++++ Records supplied
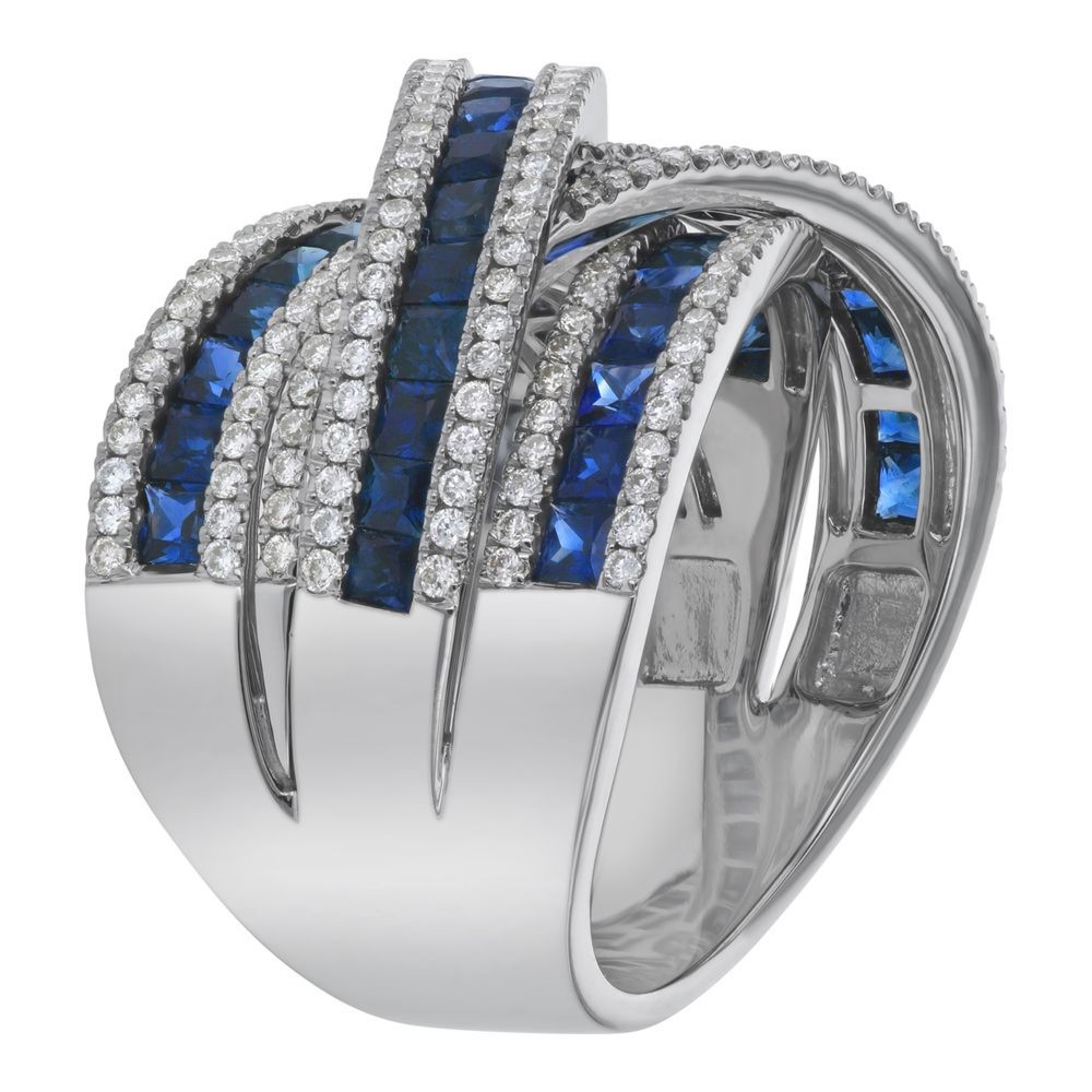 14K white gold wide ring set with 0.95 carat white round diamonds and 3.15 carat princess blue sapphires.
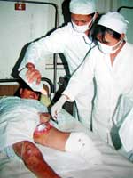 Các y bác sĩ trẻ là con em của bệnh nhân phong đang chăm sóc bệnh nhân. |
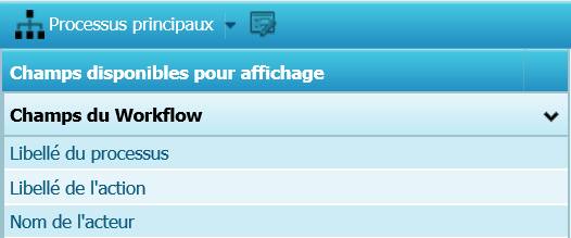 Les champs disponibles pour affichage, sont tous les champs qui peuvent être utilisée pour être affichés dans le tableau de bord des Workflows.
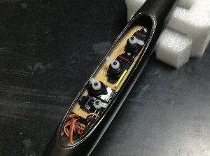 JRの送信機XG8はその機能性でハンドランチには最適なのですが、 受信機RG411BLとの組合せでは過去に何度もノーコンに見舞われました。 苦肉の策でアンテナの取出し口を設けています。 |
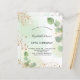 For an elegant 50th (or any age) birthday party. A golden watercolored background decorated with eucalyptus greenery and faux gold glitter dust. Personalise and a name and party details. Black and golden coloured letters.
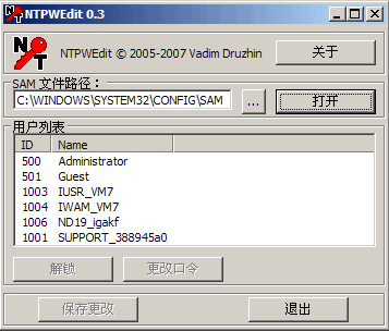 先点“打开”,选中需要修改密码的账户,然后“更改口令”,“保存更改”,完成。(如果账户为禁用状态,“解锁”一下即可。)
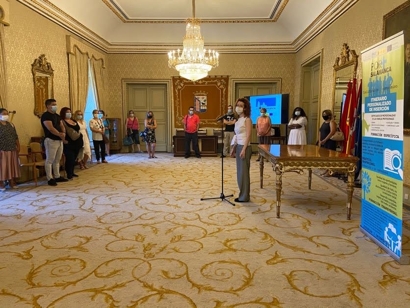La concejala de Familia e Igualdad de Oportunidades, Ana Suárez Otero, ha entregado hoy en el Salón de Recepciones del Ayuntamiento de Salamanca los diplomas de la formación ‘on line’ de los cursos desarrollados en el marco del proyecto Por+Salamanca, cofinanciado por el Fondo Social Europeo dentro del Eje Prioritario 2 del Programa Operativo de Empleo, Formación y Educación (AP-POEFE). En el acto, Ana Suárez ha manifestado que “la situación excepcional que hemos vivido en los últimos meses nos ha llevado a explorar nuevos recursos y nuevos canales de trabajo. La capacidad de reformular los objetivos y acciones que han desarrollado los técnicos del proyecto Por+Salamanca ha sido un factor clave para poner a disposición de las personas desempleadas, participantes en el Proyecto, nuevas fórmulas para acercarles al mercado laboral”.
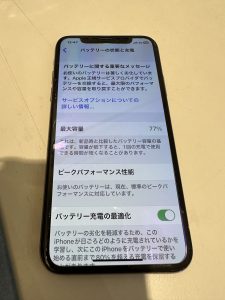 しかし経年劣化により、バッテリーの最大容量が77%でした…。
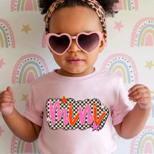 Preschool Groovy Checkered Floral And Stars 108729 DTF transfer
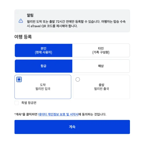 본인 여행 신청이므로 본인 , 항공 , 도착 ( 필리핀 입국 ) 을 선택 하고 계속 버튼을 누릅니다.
++++++++
What you will do :: Please repeat everything in the data above except the pictures, exactly as it reads.

Result of this exercise ::
 14K white gold wide ring set with 0.95 carat white round diamonds and 3.15 carat princess blue sapphires.
 Các y bác sĩ trẻ là con em của bệnh nhân phong đang chăm sóc bệnh nhân. |
 Les champs disponibles pour affichage, sont tous les champs qui peuvent être utilisée pour être affichés dans le tableau de bord des Workflows.
 JRの送信機XG8はその機能性でハンドランチには最適なのですが、 受信機RG411BLとの組合せでは過去に何度もノーコンに見舞われました。 苦肉の策でアンテナの取出し口を設けています。 |
 For an elegant 50th (or any age) birthday party. A golden watercolored background decorated with eucalyptus greenery and faux gold glitter dust. Personalise and a name and party details. Black and golden coloured letters.
 先点“打开”,选中需要修改密码的账户,然后“更改口令”,“保存更改”,完成。(如果账户为禁用状态,“解锁”一下即可。)
La concejala de Familia e Igualdad de Oportunidades, Ana Suárez Otero, ha entregado hoy en el Salón de Recepciones del Ayuntamiento de Salamanca los diplomas de la formación ‘on line’ de los cursos desarrollados en el marco del proyecto Por+Salamanca, cofinanciado por el Fondo Social Europeo dentro del Eje Prioritario 2 del Programa Operativo de Empleo, Formación y Educación (AP-POEFE). En el acto, Ana Suárez ha manifestado que “la situación excepcional que hemos vivido en los últimos meses nos ha llevado a explorar nuevos recursos y nuevos canales de trabajo. La capacidad de reformular los objetivos y acciones que han desarrollado los técnicos del proyecto Por+Salamanca ha sido un factor clave para poner a disposición de las personas desempleadas, participantes en el Proyecto, nuevas fórmulas para acercarles al mercado laboral”.
 しかし経年劣化により、バッテリーの最大容量が77%でした…。
 Preschool Groovy Checkered Floral And Stars 108729 DTF transfer
 본인 여행 신청이므로 본인 , 항공 , 도착 ( 필리핀 입국 ) 을 선택 하고 계속 버튼을 누릅니다.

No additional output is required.